RAW DATA |
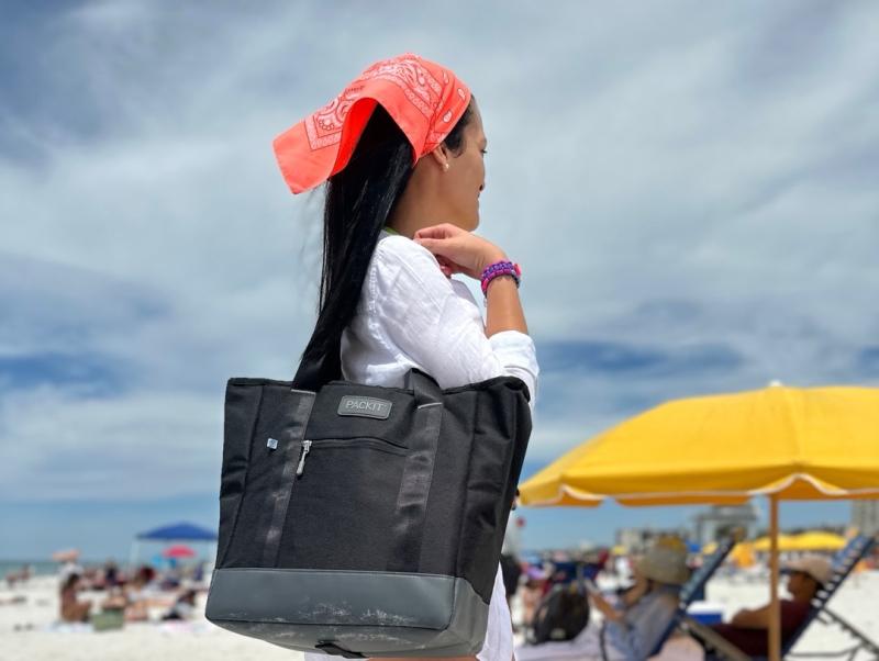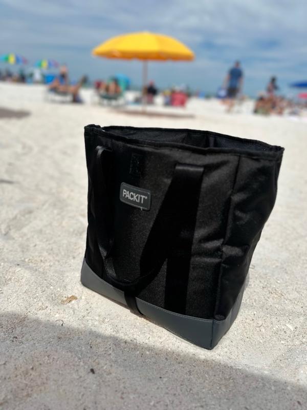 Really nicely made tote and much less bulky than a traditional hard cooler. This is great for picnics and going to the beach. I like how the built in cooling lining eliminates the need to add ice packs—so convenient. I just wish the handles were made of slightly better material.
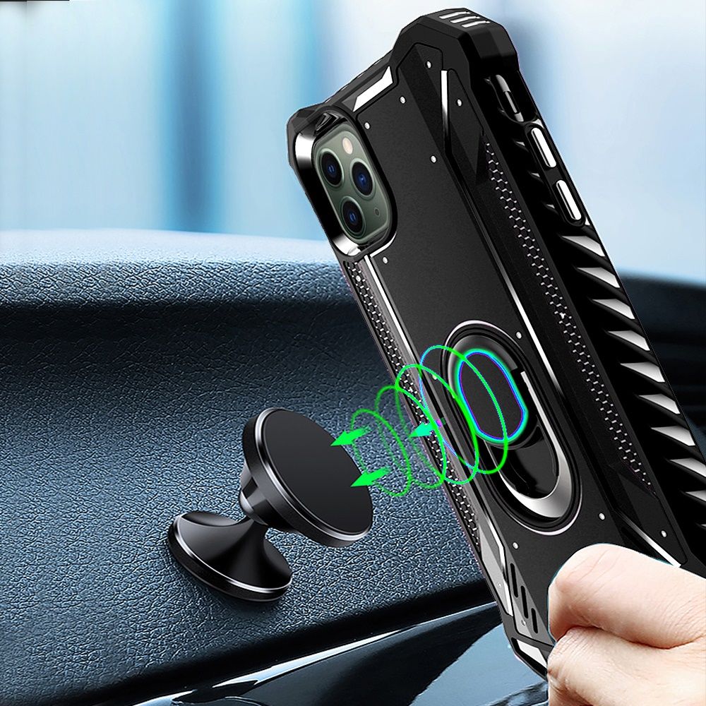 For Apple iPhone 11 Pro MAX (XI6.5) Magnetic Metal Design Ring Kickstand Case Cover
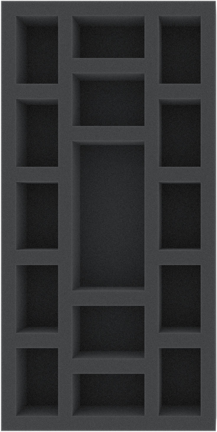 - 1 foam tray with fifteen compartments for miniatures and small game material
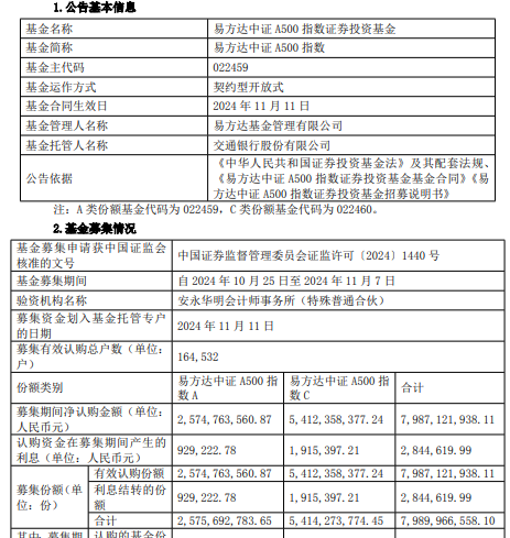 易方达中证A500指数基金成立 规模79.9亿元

DIRECTIONS | Would you write out all of the data exactly as it stands, without the pictures?

REPLY |
 Really nicely made tote and much less bulky than a traditional hard cooler. This is great for picnics and going to the beach. I like how the built in cooling lining eliminates the need to add ice packs—so convenient. I just wish the handles were made of slightly better material.
 For Apple iPhone 11 Pro MAX (XI6.5) Magnetic Metal Design Ring Kickstand Case Cover
 - 1 foam tray with fifteen compartments for miniatures and small game material
 易方达中证A500指数基金成立 规模79.9亿元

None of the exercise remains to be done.